Further supplementary memorandum submitted
by the Department for Transport
I wrote to you on 8 December 2005 with information
on a number of points following my appearance on 9 November at
the Committee's inquiry into Olympic transport. I understand that
the Committee has subsequently asked for further information about
the public contribution towards the Channel Tunnel Rail Link.
In the Transport Select Committee's evidence
session on 19 October 2005 the Committee asked Mr Rob Holden about
the National Audit Office Report of 21 July 2005 which suggested
that, as already noted in 1998 and dependent on growth of passenger
numbers, London and Continental Railways (LCR) may require a public
contribution of £260 million towards the running of the CTRL
until 2051.
The Committee also asked about the arrangements
for commercial development of the route of the CTRL, and in particular
about the lands at Stratford. These are, by and large, unrelated
issues.
The National Audit Office report Progress
on the Channel Tunnel Rail Link published on 21 July 2005
stated that, since the opening of Section 1 of the CTRL, demand
for Eurostar has grown rapidly, but passenger revenues remain
below the original forecasts. The report notes that as a result
of the shortfall in passenger revenue the Department for Transport
expects to lend LCR about £260 million to cover the shortfall
between cash requirements and income through to 2051. Despite
the worse than expected revenue forecasts, the expected loan is
still around the amount estimated in 1998 because LCR successfully
secured savings by reducing the cost of interest on its debt.
As part of the agreement for construction of
CTRL LCR have a lease on the track itself and the commercial opportunities
created along the route. These include developments which are
now underway at King's Cross, Stratford and Ebbsfleet.
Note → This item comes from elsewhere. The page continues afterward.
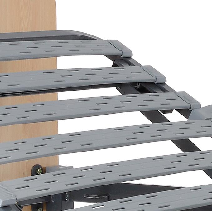Lecho de 4 planos y 3 articulaciones. Lamas de plástico. Tacos de sujeción de lamas fijos de polietileno.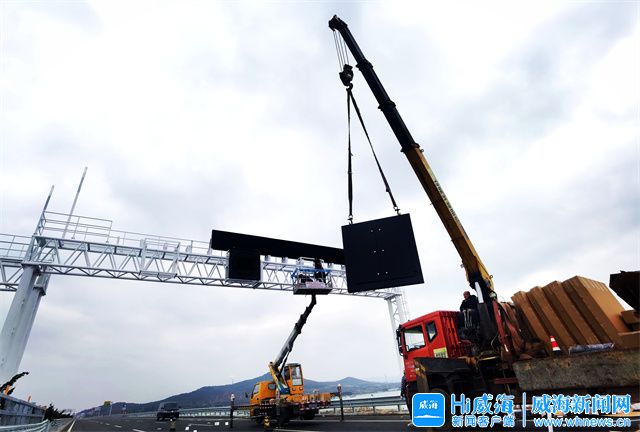 12月13日上午,在改擴建現場,雙向六車道的瀝青路面寬闊平整,道路標線已經全部施劃,清晰明了,道路兩側的護欄也已安裝到位。路面上,幾臺施工車輛和裝配工人們緊密配合,正在進行空中各類標識標牌的懸掛。雙島收費站,共設置了18個通道,其中上行進入高速有8個入口,下行進入市區共10個出口,工人們正在進行設備安裝調試工作。

One of
the major benefits from the CTRL is that it is stimulating regeneration
along its route, particularly in key growth areas.
In the Stratford area the agreement for construction
of CTRL included the transfer of the freehold of former rail land
presently owned by the Secretary of State for Transport to LCR.
This transfer will take place no later than two years after the
railway becomes operational. This land has been used for construction
purposes during the building of the CTRL and Stratford International
Station.
It is also the site of the planned Stratford
City Development and adjacent to the site of the Olympic Park.
LCR and a consortium of developers (the Stratford City Development
Partnership) intend to develop this land into a mixed retail,
residential and business development, and outline planning permission
was granted by LB Newham in February 2005.
The Olympic plans require that parts of the
Olympic park are located on the Stratford City site, including
the Olympic Village. A heads of terms agreement was signed by
LCR and the London Development Agency (LDA) in May 2004 before
the London Olympic Bid was submitted to the IOC in November 2004.
Under the terms of the agreement to construct
the railway, any proceeds arising from the development of this
land will be shared with the Department for Transport. The proceeds
arising from the development will be used to offset the cost of
building the railway.
As the Committee is aware, negotiations were
recently concluded between LCR, the Stratford City Development
Partnership and the London Development Agency. The aim of these
talks was to unify and integrate the Stratford City Development
and the Olympic Park to obtain the maximum benefit for the Stratford
area from both. Amongst other things the agreement resolves the
questions over the use of Compulsory Purchase Powers over the
land and protects the public interest in the completion of CTRL
and subsequent development of the railway lands.